** Exercise material follows **
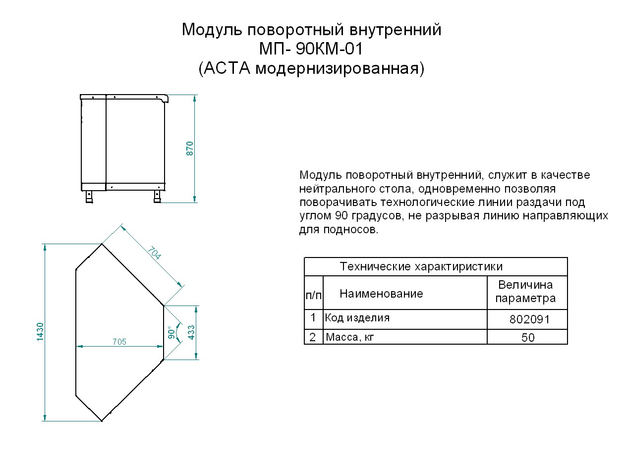 Поворотный модуль Abat МП-90КМ-01 предназначен для выкладки хлебобулочных, кондитерских изделий, посуды и столовых приборов на предприятиях общественного питания и торговли.
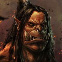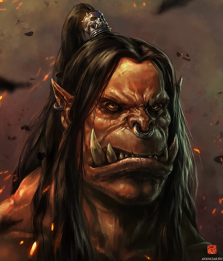 a menacing expression, and there are flames or fire effects around it, suggesting a sense of power or chaos. The orc has prominent features such as large ears,
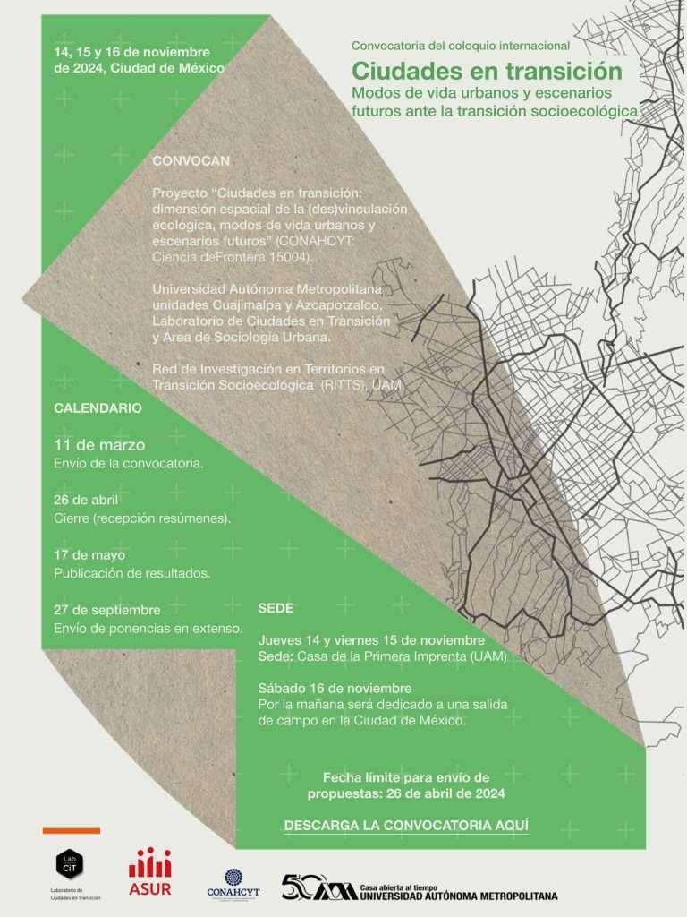 Ciudades en transición Modos de vida urbanos y escenarios futuros ante la transición socioecológica Fecha: 14-16 de noviembre 2024 Sede: Casa de la Primera Imprenta (UAM) CONVOCAN Proyecto “Ciudades en transición: dimensión espacial de la (des)vinculación ecológica, modos de vida urbanos y escenarios futuros” (CONAHCYT: Ciencia de Frontera 15004). Universidad Autónoma Metropolitana unidades Cuajimalpa y […]
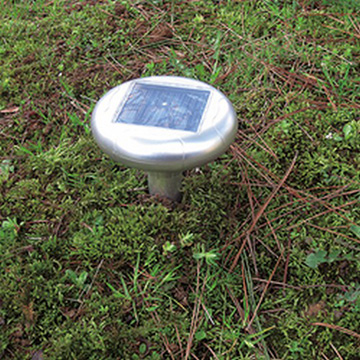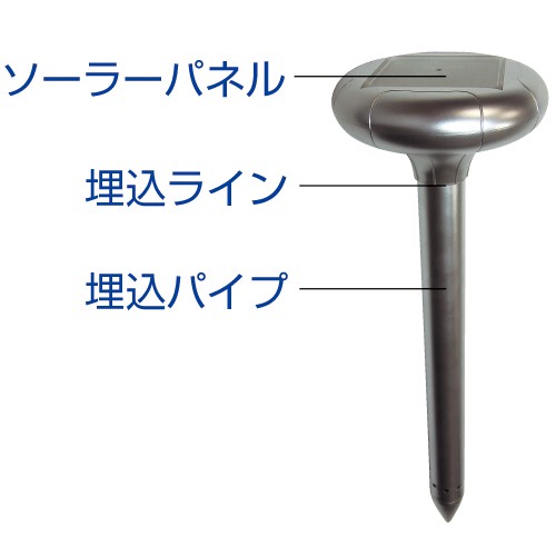 地面に埋め込むだけ!自動可変式で、音波の周波数や鳴るタイミングを自動的に変えることができモグラの慣れに対しての効果効能が持続します。埋込パイプの6カ所の貫通孔により、音波振動を効率よく伝え、ソーラーパネル出力の蓄電で長い時間作動します。(中国製)
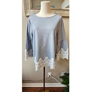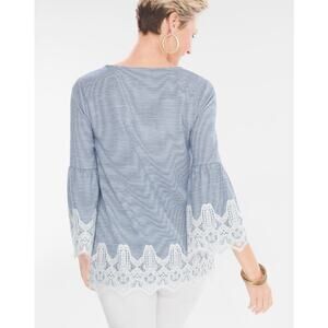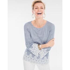 Chicos Size 3 French Striped Lace-Detail Top Women M Blue White Relaxed Pullover
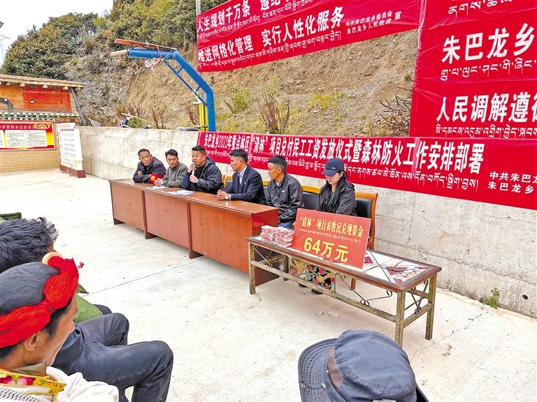 圖為發(fā)放農(nóng)牧民群眾工資現(xiàn)場(chǎng)。記者 索朗旺久 攝
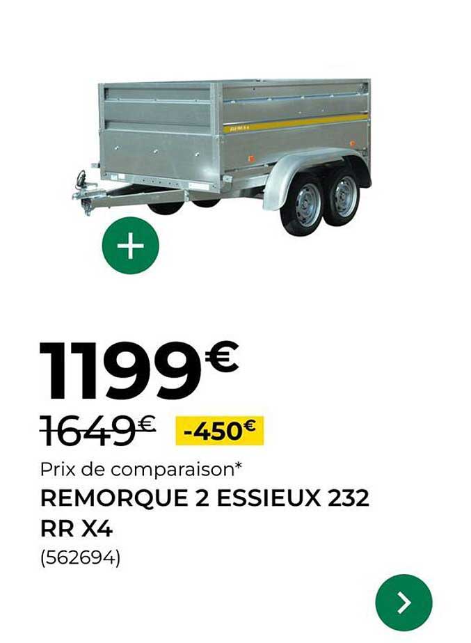 Découvrez une opportunité exceptionnelle avec la remorque 2 essieux 232 RR X4, idéale pour tous vos besoins de transport. Que ce soit pour vos projets de bricolage, vos déplacements en camping, ou pour transporter des matériaux, cette remorque s'avère être un choix judicieux. Actuellement en promotion, elle est proposée à un prix attractif qui ne manquera pas de vous séduire.
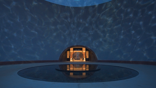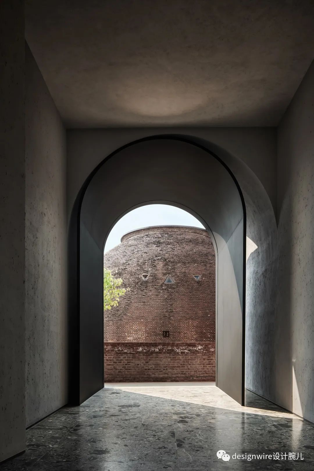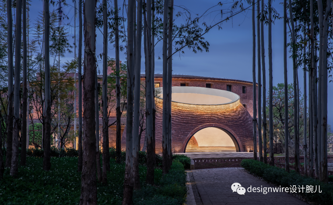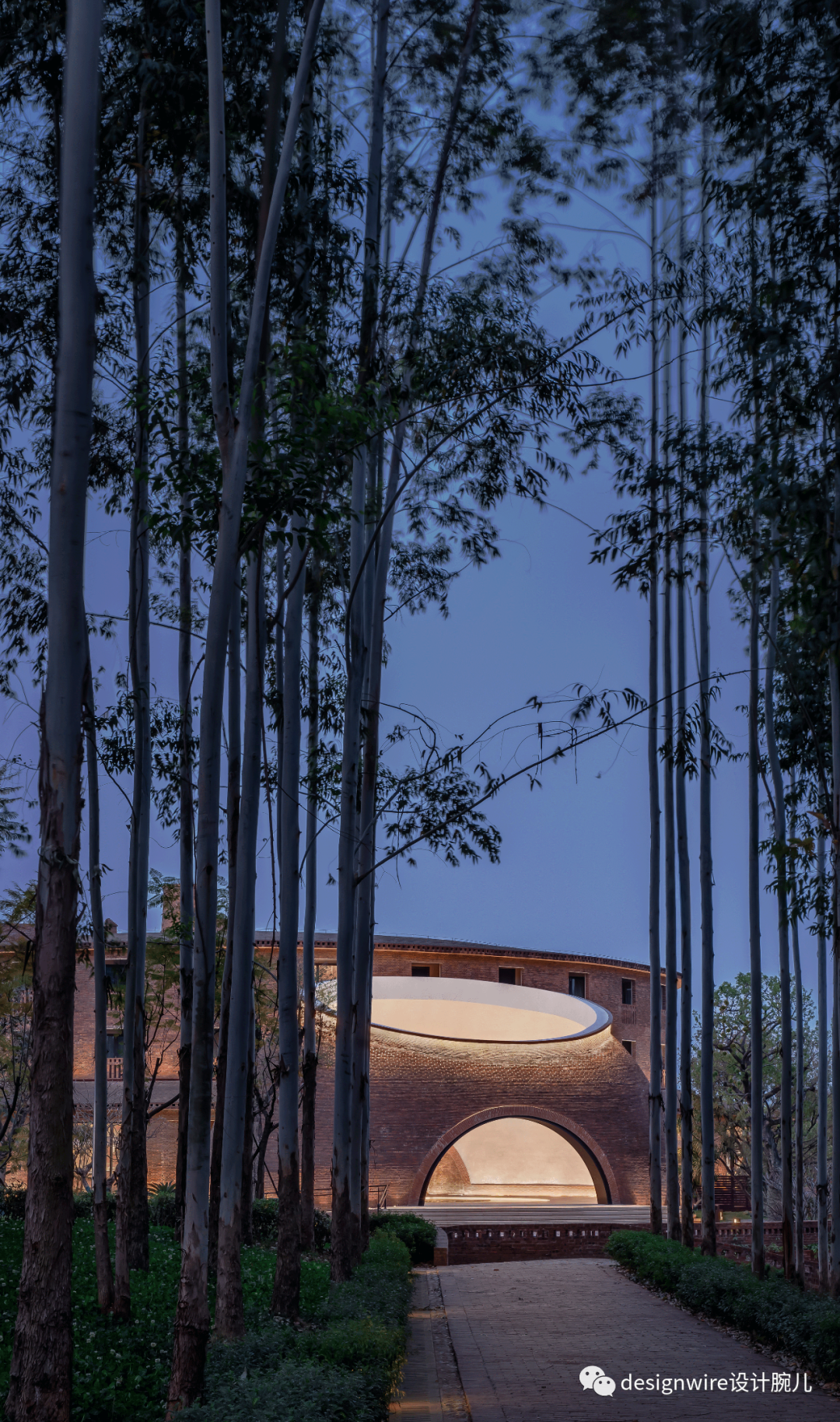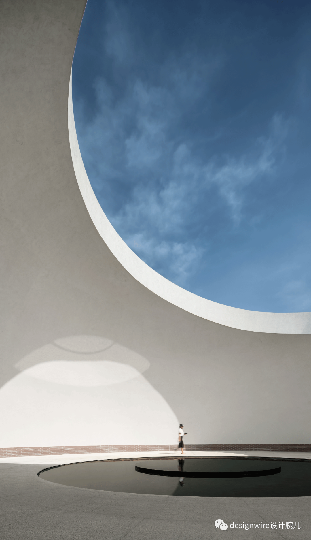 入口处,碗形的“到达亭”顶部直面天空的开口,于亭内形成动人的回声效果。日间,倾泻而下的天光在建筑内壁形成流转的光影,增维空间的层次;夜间,环绕的墙面配合现代灯光装置上演换装秀,用波光粼粼的视觉效果与中心水面相映成趣。
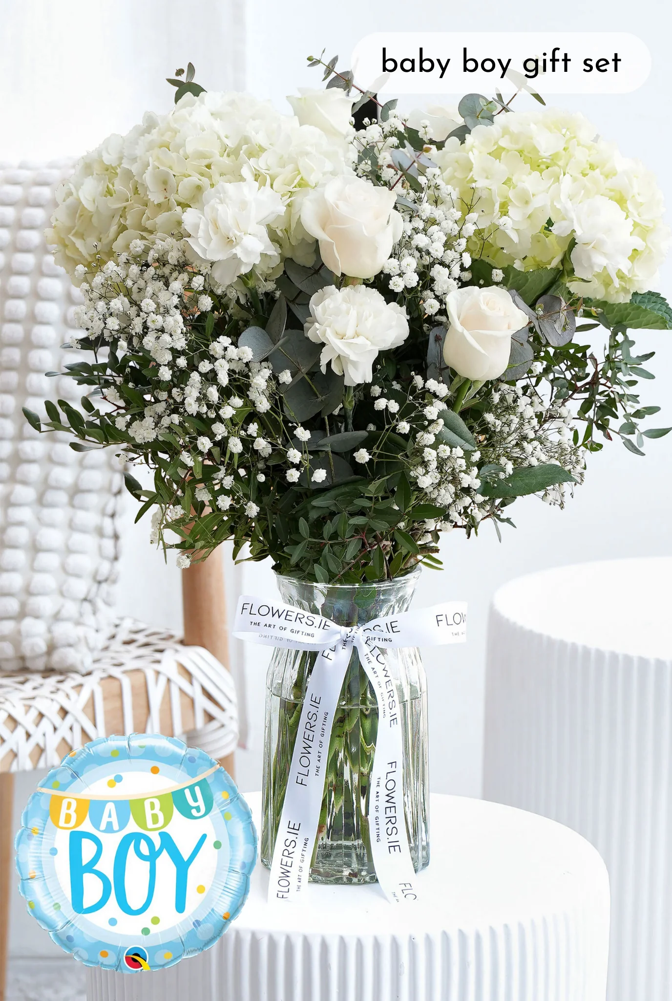 Welcome the new baby with our "Perfect White" arrangement, featuring pristine white hydrangeas, classic white roses, delicate gypsophila, and fresh pistacia leaves. This elegant and timeless bouquet is the perfect way to celebrate and bring warmth to the new arrival.
** End of Exercise material **
[Problem]: Write out exactly the opening lines of the data, stopping after the line that holds "圖為發(fā)放農(nóng)牧民群眾工資現(xiàn)場(chǎng)。記者 索朗旺久 攝". Exclude pictures.

[Exercise answer]:
 Поворотный модуль Abat МП-90КМ-01 предназначен для выкладки хлебобулочных, кондитерских изделий, посуды и столовых приборов на предприятиях общественного питания и торговли.
 a menacing expression, and there are flames or fire effects around it, suggesting a sense of power or chaos. The orc has prominent features such as large ears,
 Ciudades en transición Modos de vida urbanos y escenarios futuros ante la transición socioecológica Fecha: 14-16 de noviembre 2024 Sede: Casa de la Primera Imprenta (UAM) CONVOCAN Proyecto “Ciudades en transición: dimensión espacial de la (des)vinculación ecológica, modos de vida urbanos y escenarios futuros” (CONAHCYT: Ciencia de Frontera 15004). Universidad Autónoma Metropolitana unidades Cuajimalpa y […]
 地面に埋め込むだけ!自動可変式で、音波の周波数や鳴るタイミングを自動的に変えることができモグラの慣れに対しての効果効能が持続します。埋込パイプの6カ所の貫通孔により、音波振動を効率よく伝え、ソーラーパネル出力の蓄電で長い時間作動します。(中国製)
 Chicos Size 3 French Striped Lace-Detail Top Women M Blue White Relaxed Pullover
 圖為發(fā)放農(nóng)牧民群眾工資現(xiàn)場(chǎng)。記者 索朗旺久 攝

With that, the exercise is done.